> **Task objective**
The answer must be an exact copy of the lines from the one with "You define Local" through the final line below, with no pictures and nothing else.

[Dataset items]
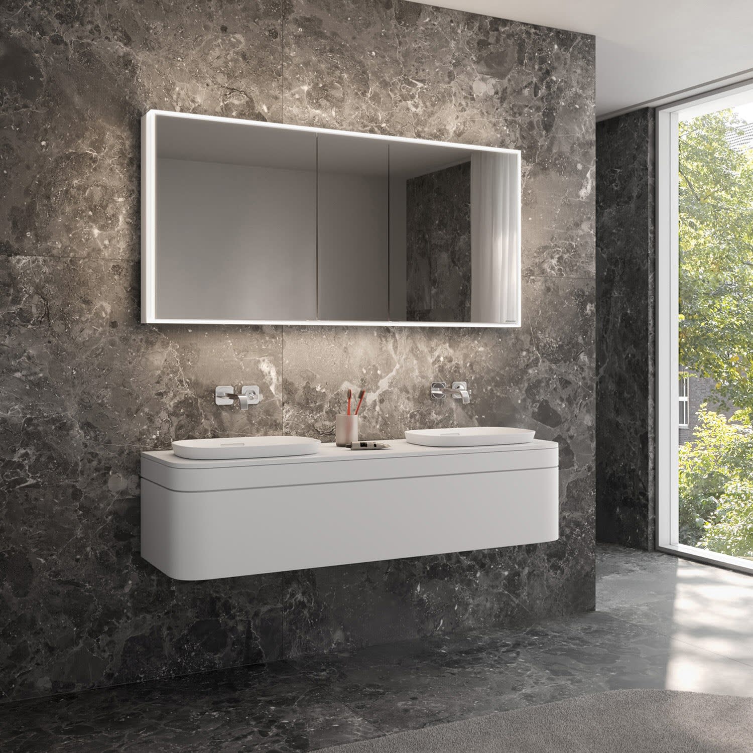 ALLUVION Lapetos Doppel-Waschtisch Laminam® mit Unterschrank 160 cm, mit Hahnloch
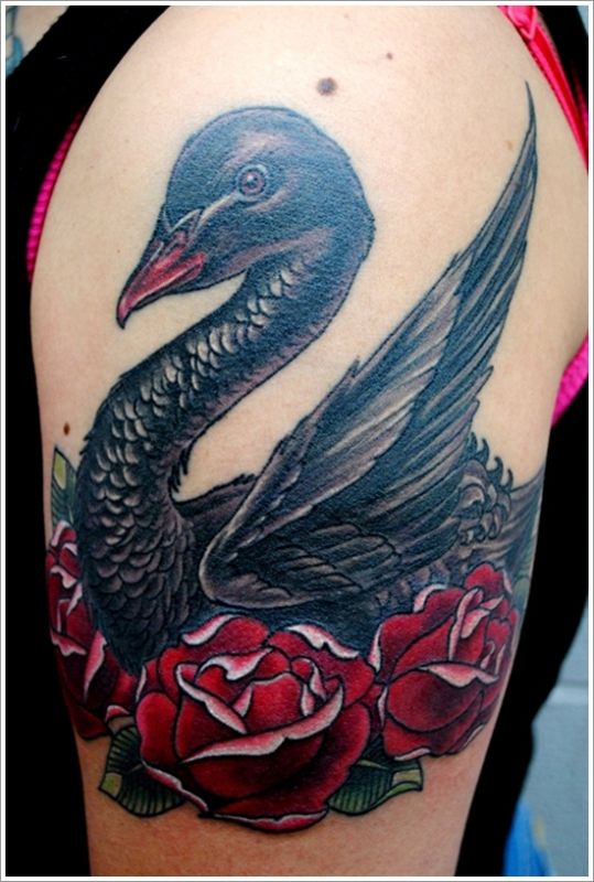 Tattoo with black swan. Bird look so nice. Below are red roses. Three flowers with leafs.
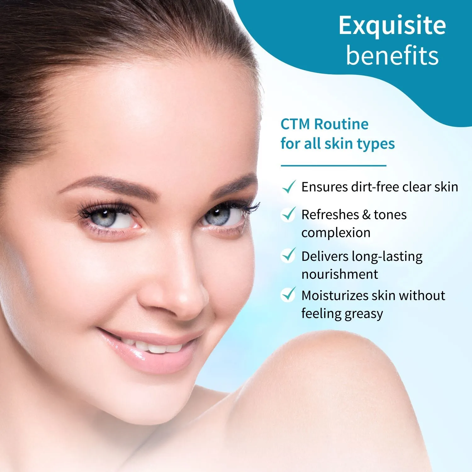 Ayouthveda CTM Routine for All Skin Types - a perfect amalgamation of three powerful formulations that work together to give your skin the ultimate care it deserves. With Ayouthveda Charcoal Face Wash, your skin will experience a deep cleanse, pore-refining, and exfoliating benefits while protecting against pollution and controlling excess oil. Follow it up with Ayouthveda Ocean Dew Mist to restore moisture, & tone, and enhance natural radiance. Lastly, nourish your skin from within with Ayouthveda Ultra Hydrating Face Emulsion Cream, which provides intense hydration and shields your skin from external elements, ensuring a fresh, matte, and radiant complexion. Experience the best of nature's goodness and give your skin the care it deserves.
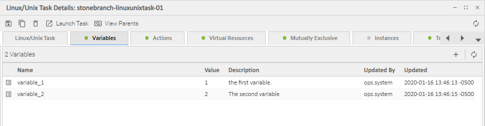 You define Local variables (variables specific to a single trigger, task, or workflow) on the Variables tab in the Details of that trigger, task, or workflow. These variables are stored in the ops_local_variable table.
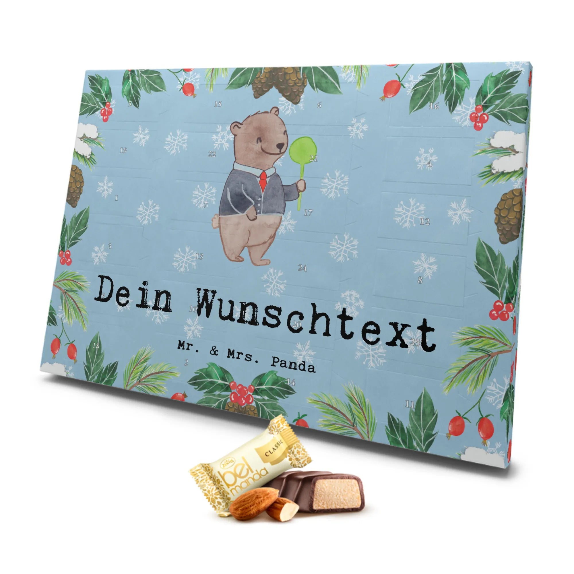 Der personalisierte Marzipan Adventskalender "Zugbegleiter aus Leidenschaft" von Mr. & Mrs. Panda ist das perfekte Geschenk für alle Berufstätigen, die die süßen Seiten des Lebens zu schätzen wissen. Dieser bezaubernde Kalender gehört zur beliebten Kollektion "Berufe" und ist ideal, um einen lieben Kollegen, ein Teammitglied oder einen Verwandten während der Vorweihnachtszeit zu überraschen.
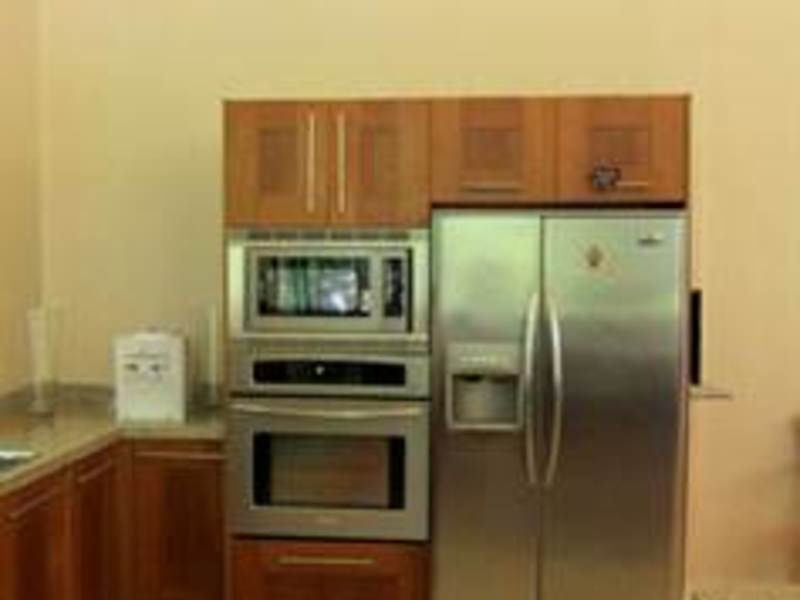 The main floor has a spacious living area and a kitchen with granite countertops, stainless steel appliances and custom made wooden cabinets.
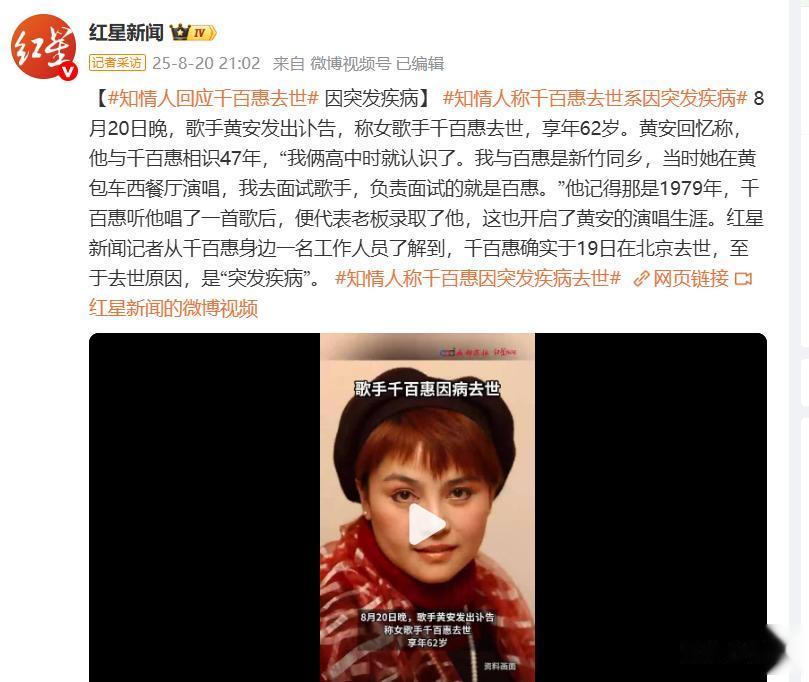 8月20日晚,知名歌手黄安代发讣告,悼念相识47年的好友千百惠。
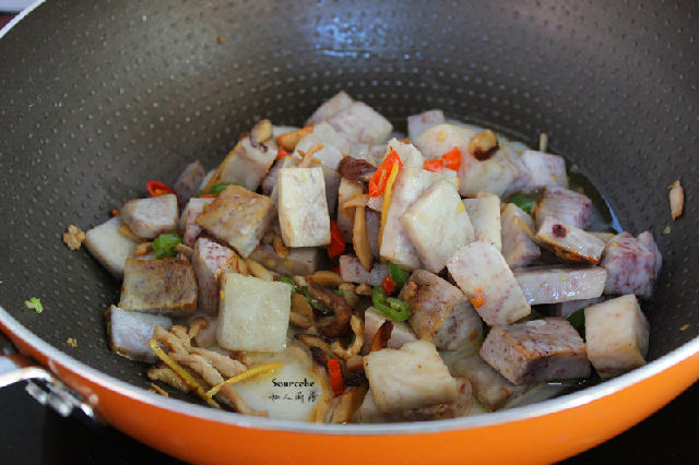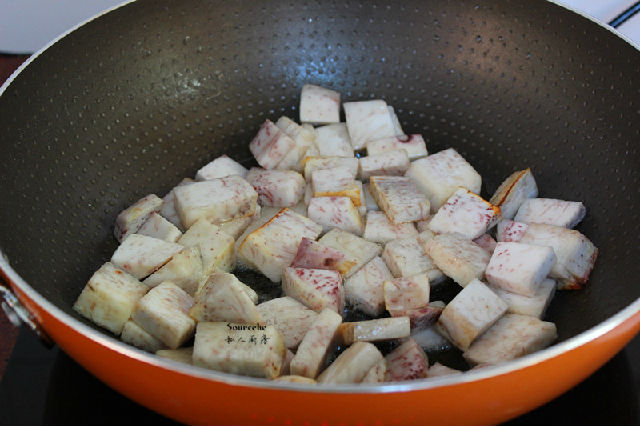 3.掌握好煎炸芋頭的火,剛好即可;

> **Response to this exercise**
 You define Local variables (variables specific to a single trigger, task, or workflow) on the Variables tab in the Details of that trigger, task, or workflow. These variables are stored in the ops_local_variable table.
 Der personalisierte Marzipan Adventskalender "Zugbegleiter aus Leidenschaft" von Mr. & Mrs. Panda ist das perfekte Geschenk für alle Berufstätigen, die die süßen Seiten des Lebens zu schätzen wissen. Dieser bezaubernde Kalender gehört zur beliebten Kollektion "Berufe" und ist ideal, um einen lieben Kollegen, ein Teammitglied oder einen Verwandten während der Vorweihnachtszeit zu überraschen.
 The main floor has a spacious living area and a kitchen with granite countertops, stainless steel appliances and custom made wooden cabinets.
 8月20日晚,知名歌手黄安代发讣告,悼念相识47年的好友千百惠。
 3.掌握好煎炸芋頭的火,剛好即可;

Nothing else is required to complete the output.